Try it
Omit the pictures and return exactly the stretch of the material below from the line with "RS | CAPTURE |" through the line with "Un libro de".

Listed entries
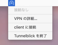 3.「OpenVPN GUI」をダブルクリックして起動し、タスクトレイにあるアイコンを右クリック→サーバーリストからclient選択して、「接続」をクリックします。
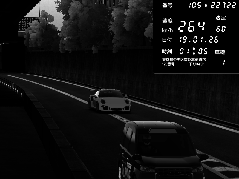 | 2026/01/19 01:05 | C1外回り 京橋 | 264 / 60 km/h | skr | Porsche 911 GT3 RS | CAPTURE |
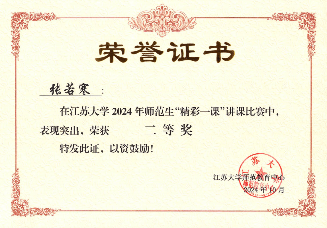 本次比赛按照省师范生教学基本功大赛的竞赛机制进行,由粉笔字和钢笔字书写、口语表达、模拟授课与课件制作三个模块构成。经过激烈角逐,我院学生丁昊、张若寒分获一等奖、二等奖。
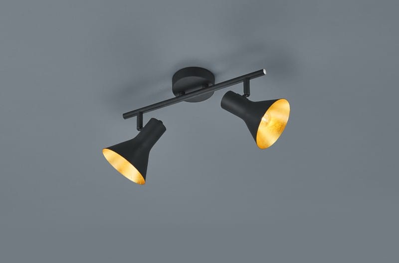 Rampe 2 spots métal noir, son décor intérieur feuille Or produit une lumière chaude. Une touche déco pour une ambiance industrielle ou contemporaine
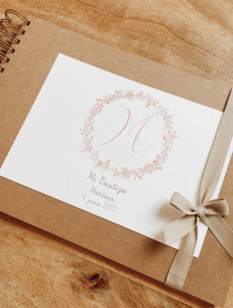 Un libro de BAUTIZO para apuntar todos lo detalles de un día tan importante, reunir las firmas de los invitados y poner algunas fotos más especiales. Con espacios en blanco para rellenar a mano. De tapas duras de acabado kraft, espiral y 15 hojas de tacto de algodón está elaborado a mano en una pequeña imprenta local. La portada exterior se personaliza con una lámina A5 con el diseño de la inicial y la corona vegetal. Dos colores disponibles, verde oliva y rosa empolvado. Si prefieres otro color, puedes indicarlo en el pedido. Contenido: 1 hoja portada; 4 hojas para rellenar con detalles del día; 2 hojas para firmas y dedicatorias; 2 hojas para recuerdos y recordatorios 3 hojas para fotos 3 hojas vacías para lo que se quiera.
---
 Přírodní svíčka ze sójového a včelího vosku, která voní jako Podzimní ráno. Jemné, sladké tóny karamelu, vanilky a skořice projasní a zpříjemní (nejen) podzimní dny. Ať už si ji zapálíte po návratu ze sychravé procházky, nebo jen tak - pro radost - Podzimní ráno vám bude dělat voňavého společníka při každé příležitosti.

Solution for this task
 | 2026/01/19 01:05 | C1外回り 京橋 | 264 / 60 km/h | skr | Porsche 911 GT3 RS | CAPTURE |
 本次比赛按照省师范生教学基本功大赛的竞赛机制进行,由粉笔字和钢笔字书写、口语表达、模拟授课与课件制作三个模块构成。经过激烈角逐,我院学生丁昊、张若寒分获一等奖、二等奖。
 Rampe 2 spots métal noir, son décor intérieur feuille Or produit une lumière chaude. Une touche déco pour une ambiance industrielle ou contemporaine
 Un libro de BAUTIZO para apuntar todos lo detalles de un día tan importante, reunir las firmas de los invitados y poner algunas fotos más especiales. Con espacios en blanco para rellenar a mano. De tapas duras de acabado kraft, espiral y 15 hojas de tacto de algodón está elaborado a mano en una pequeña imprenta local. La portada exterior se personaliza con una lámina A5 con el diseño de la inicial y la corona vegetal. Dos colores disponibles, verde oliva y rosa empolvado. Si prefieres otro color, puedes indicarlo en el pedido. Contenido: 1 hoja portada; 4 hojas para rellenar con detalles del día; 2 hojas para firmas y dedicatorias; 2 hojas para recuerdos y recordatorios 3 hojas para fotos 3 hojas vacías para lo que se quiera.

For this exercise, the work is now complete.